In both body and spirit, therefore, man is uniquely designed in the image of God and set apart from the rest of the universe. Such a special creature needs special social structures to which I now turn.

The Divine Institutions. The term “divine institution” has been used by Christians to speak of those absolute social structures instituted by God for the entire human race--believers and unbelievers alike. Though modern paganism views them as by- products of man’s psycho-social evolution, the Bible insists God Himself installed at least three of them at creation.

1. The first divine institution is responsible dominion (Gen. 1:26-30; 2:15-17; Psa. 8:3-8). Although the earth and its produce is the Lord’s (Psa. 24:1), mankind was assigned to manage it under God’s authority. Man was placed as a derivative “lord”. Later, at the fall (see next chapter), this dominion would become perverted but not taken away.

Here is the biblical doctrine of creative labor. The first picture of God in the Bible is as a laborer. He expresses His character in His work (“glorifying Himself”) and, as He finishes each part, He evaluates and enjoys it. In similar fashion God assigned labor to Adam. God let Adam investigate and create names for natural objects (Gen. 2:19). In so doing Adam was evaluating (imputing value to) the objects (Gen. 2:20).

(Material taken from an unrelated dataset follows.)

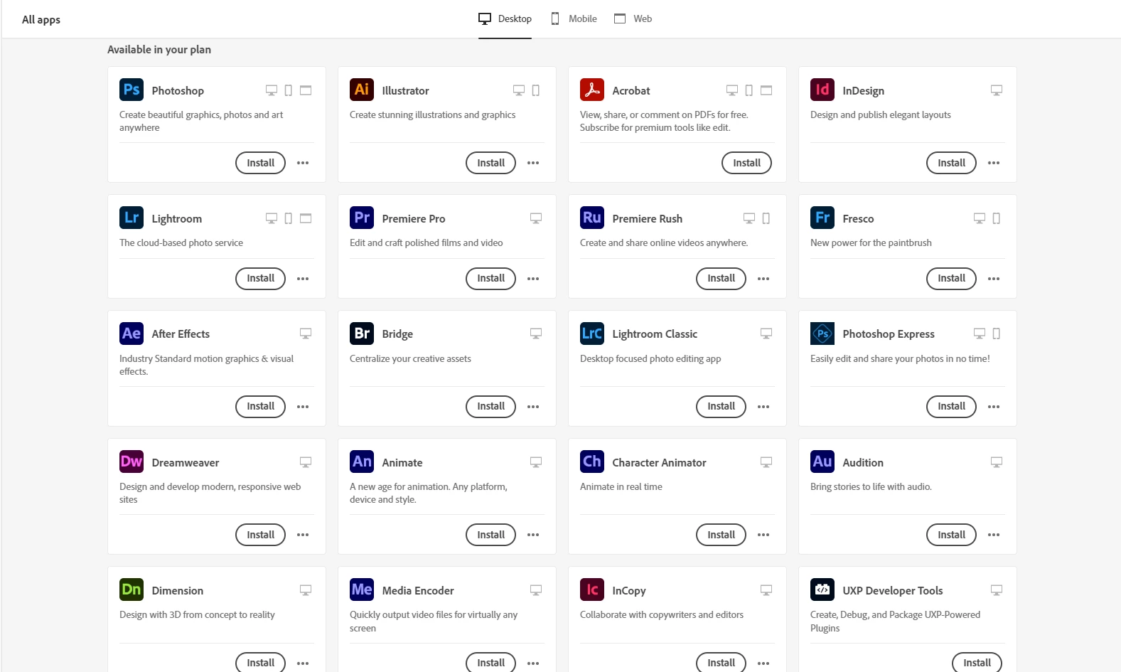 Xd Not showing on the Creative Cloud Desktop App but is included in my Plan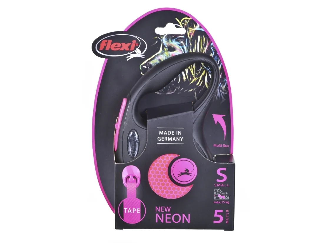 flexi Nytt NEON-band S, 5M, 15KG, svart/neonrosa

Of course, Adam’s dominion labor wasn’t identical to God’s. When he named an object, he wasn’t creating ex-nihilo; he was merely discovering something of God’s prior creative labor and evaluation (Gen. 2:18). Gary North points out the economic implications of this point: “The problem of value is central to the science of economics. Is value determined objectively or subjectively? Is the value of some scarce economic resource inherent in that resource, or is it derived from the evaluations of acting men? In short, is value intrinsic or imputed? . . . How can we reconcile the fact that something objectively good, like the Bible, is worth less in a particular market than pornographic literature? . . . The Bible affirms man’s ability to impute value, for man is made in the image of God, and God imputes value to His creation. . . .Men cannot make absolute, comprehensive value imputations, since men are creatures. But they can make value imputations as limited creatures which are valid in God’s eyes, and before the rebellion of man in the garden, this is what man did.[7]

For some today, it is a radical message that labor was instituted before the fall! Labor, whether manual or intellectual, expresses the spiritual character of the soul. It beckons evaluation.

2. The second divine institution, marriage, is defined in terms of the first. The woman was brought to Adam specifically as a “helper”. Why did he need help? Because of his calling before God to rule nature. Unlike animals, mankind’s so-called sexual differentiation is not merely for procreation; it is also for dominion. The “one flesh” relationship, while truly romantic and sexual, occurs inside the larger context of the first divine institution. Later in this series I point out how marriage under the Mosaic Law included very unromantic, business-like, economic arrangements in order to protect its dominion function. That marriage is the chief means of dominion is seen in the New Testament. The man-woman distinction typifies the Christ- Church distinction (Eph. 5:22-33; Rev. 19:7-8) in which the Church completes Christ in His calling.

Mankind cannot express God’s image except as both “male and female” together (Gen. 1:27). This is because God has certain characteristics that are “feminine” in nature (e.g., Matt. 23:37). Moreover, the woman’s role as “helper” in Genesis 2:18 is not meant to be a demeaning, secondary one. The term used for “helper” elsewhere is used of God Himself (Exod. 18:4; Deut. 33:7). (Contrary to contemporary propaganda that the Bible is “patriarchal”, it reveals the equal value of the woman as no other document in the ancient Near East.)

Undeniably, however, the Bible places emphasis upon the man as the one who receives his calling from God which then shapes his choice of wife. She is not only his needful helper; she is his “glory” (I Cor. 11:7-9). The man defines himself in terms of God and of his wife. Together in a division of labor man and wife separate from their own families to build a new one (Gen. 2:24). Only in a nuclear family, in contrast to an extended family, does a young man have to face full leadership responsibility directly under God.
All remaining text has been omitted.